Dan Brown created SPARK-10685:
---------------------------------
Summary: Misaligned data with RDD.zip and DataFrame.withColumn
after repartition
Key: SPARK-10685
URL: https://issues.apache.org/jira/browse/SPARK-10685
Project: Spark
Issue Type: Bug
Affects Versions: 1.5.0, 1.4.1, 1.3.0
Environment: - OSX 10.10.4, java 1.7.0_51, hadoop 2.6.0-cdh5.4.5
- Ubuntu 12.04, java 1.7.0_80, hadoop 2.6.0-cdh5.4.5
Reporter: Dan Brown
Here's a weird behavior where {{RDD.zip}} or {{DataFrame.withColumn}} after a
{{repartition}} produces "misaligned" data, meaning different column values in
the same row aren't matched, as if a zip shuffled the collections before
zipping them. It's difficult to reproduce because it's nondeterministic,
doesn't occur in local mode, and requires ≥2 workers (≥3 in one case). I was
able to repro it using pyspark 1.3.0 (cdh5.4.5), 1.4.1 (bin-without-hadoop),
and 1.5.0 (bin-without-hadoop).
Here's the most similar issue I was able to find. It appears to not have been
repro'd and then closed optimistically, and it smells like it could have been
the same underlying cause that was never fixed:
- https://issues.apache.org/jira/browse/SPARK-9131
Also, this {{DataFrame.zip}} issue is related in spirit, since we were trying
to build it ourselves when we ran into this problem. Let me put in my vote for
reopening the issue and supporting {{DataFrame.zip}} in the standard lib.

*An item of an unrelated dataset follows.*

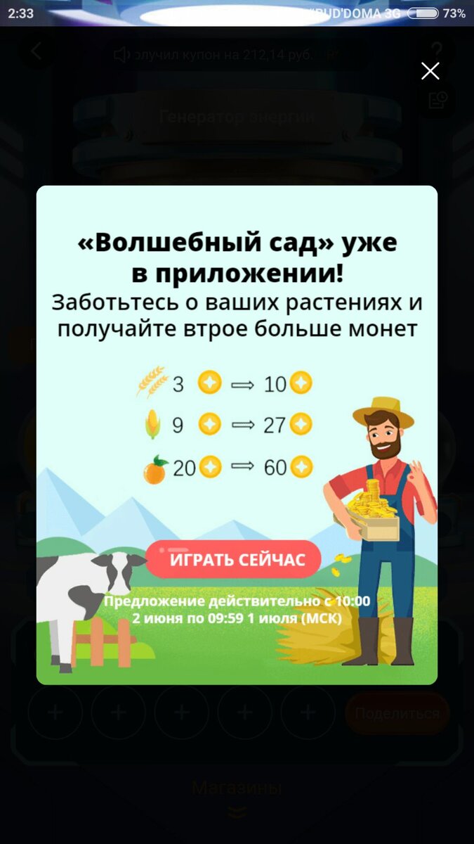 Уже месяца три наверное, как я удалил почтового клиента mail.ru с телефона. Первое время было тяжело, но сейчас уже привык. Во первых, освободилось порядка 500-800 Мб, и реже стал брать телефон в руки. Следующим, я считал, будет приложение Aliexpress. Постоянный сбор монеток, участие в Халяве. Месяц назад, меня остановило то, что был анонсирован купон 300 или 400 рублей, если за 3 недели набрать 500 монет. В принципе набрать такую сумму было не сложно. И я набрал горадо больше. Но купон я не получил, ни на одном из трех аккаунтов, которые у меня есть. Потом я спрашивал знакомого, он тоже не получил. Говорит, было всплывающее сообщение, что нужно зайти, получить купон. Т.е. купон не давался всем участникам, а быстрее всего было ограниченное количество, и нужно было успеть взять в определенное время. В конце мая в приложении появилась "ферма" - "Волшебный сад". Я так понял, что на замену "Денежному дереву". И где то через неделю, увидел информацию, что дерево скоро закроют. Этот сад, еще

- https://issues.apache.org/jira/browse/SPARK-7460
h3. Brief repro
Fail: withColumn(udf) after DataFrame.repartition
{code}
df = sqlCtx.createDataFrame(Row(a=a) for a in xrange(10000))
df = df.repartition(100)
df = df.withColumn('b', udf(lambda r: r, IntegerType())(df.a))
[r for r in df.collect() if r.a != r.b][:3] # Should be []
{code}
Sample outputs (nondeterministic):
{code}
[Row(a=39, b=639), Row(a=139, b=739), Row(a=239, b=839)]

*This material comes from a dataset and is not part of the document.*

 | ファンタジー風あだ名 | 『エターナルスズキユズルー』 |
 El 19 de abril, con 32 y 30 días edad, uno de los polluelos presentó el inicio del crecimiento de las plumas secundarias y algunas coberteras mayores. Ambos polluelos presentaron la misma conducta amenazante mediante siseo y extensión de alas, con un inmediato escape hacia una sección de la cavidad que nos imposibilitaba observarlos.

[Row(a=639, b=39), Row(a=739, b=139), Row(a=839, b=239)]
[]
[Row(a=641, b=41), Row(a=741, b=141), Row(a=841, b=241)]
[Row(a=641, b=1343), Row(a=741, b=1443), Row(a=841, b=1543)]
[Row(a=639, b=39), Row(a=739, b=139), Row(a=839, b=239)]
{code}
Fail: RDD.zip after DataFrame.repartition
{code}
df = sqlCtx.createDataFrame(Row(a=a) for a in xrange(10000))
df = df.repartition(100)
rdd = df.rdd.zip(df.map(lambda r: Row(b=r.a))).map(lambda (x,y): Row(a=x.a,
b=y.b))
[r for r in rdd.collect() if r.a != r.b][:3] # Should be []
{code}
Sample outputs (nondeterministic):
{code}
[]
[Row(a=50, b=6947), Row(a=150, b=7047), Row(a=250, b=7147)]
[]
[]
[Row(a=44, b=644), Row(a=144, b=744), Row(a=244, b=844)]
[]
{code}
Test setup:
- local\[8]: {{MASTER=local\[8]}}
- dist\[N]: 1 driver + 1 master + N workers
{code}
"Fail" tests pass? cluster mode spark version
----------------------------------------------------
yes local[8] 1.3.0-cdh5.4.5
no dist[4] 1.3.0-cdh5.4.5
yes local[8] 1.4.1
yes dist[1] 1.4.1
no dist[2] 1.4.1
no dist[4] 1.4.1
yes local[8] 1.5.0
yes dist[1] 1.5.0
no dist[2] 1.5.0
no dist[4] 1.5.0
{code}
h3. Detailed repro
Start `pyspark` and run these imports:
{code}
from pyspark.sql import Row
from pyspark.sql.functions import udf
from pyspark.sql.types import IntegerType, StructType, StructField
{code}
Fail: withColumn(udf) after DataFrame.repartition
{code}
df = sqlCtx.createDataFrame(Row(a=a) for a in xrange(10000))
df = df.repartition(100)
df = df.withColumn('b', udf(lambda r: r, IntegerType())(df.a))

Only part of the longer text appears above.